• _TASK_
The lines in the listing below are to be given again exactly, starting at the line holding "به پرواز درآوردن" and ending at the line holding "SUMMARY: VISUAL CONTENT". Do not include pictures.

• _THE INPUT_

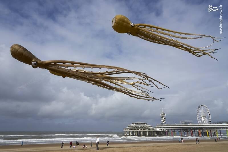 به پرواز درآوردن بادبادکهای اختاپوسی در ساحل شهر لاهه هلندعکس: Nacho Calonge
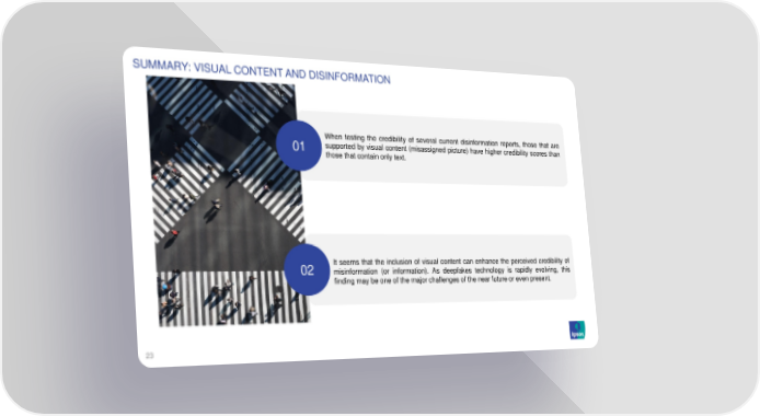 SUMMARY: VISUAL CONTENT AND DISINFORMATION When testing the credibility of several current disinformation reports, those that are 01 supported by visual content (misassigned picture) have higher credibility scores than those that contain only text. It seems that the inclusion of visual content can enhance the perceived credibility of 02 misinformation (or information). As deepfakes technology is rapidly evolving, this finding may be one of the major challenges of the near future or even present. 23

==

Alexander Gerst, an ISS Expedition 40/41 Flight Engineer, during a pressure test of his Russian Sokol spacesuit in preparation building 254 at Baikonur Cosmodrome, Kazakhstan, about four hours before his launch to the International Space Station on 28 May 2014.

• _OUTPUT BELOW_
 به پرواز درآوردن بادبادکهای اختاپوسی در ساحل شهر لاهه هلندعکس: Nacho Calonge
 SUMMARY: VISUAL CONTENT AND DISINFORMATION When testing the credibility of several current disinformation reports, those that are 01 supported by visual content (misassigned picture) have higher credibility scores than those that contain only text. It seems that the inclusion of visual content can enhance the perceived credibility of 02 misinformation (or information). As deepfakes technology is rapidly evolving, this finding may be one of the major challenges of the near future or even present. 23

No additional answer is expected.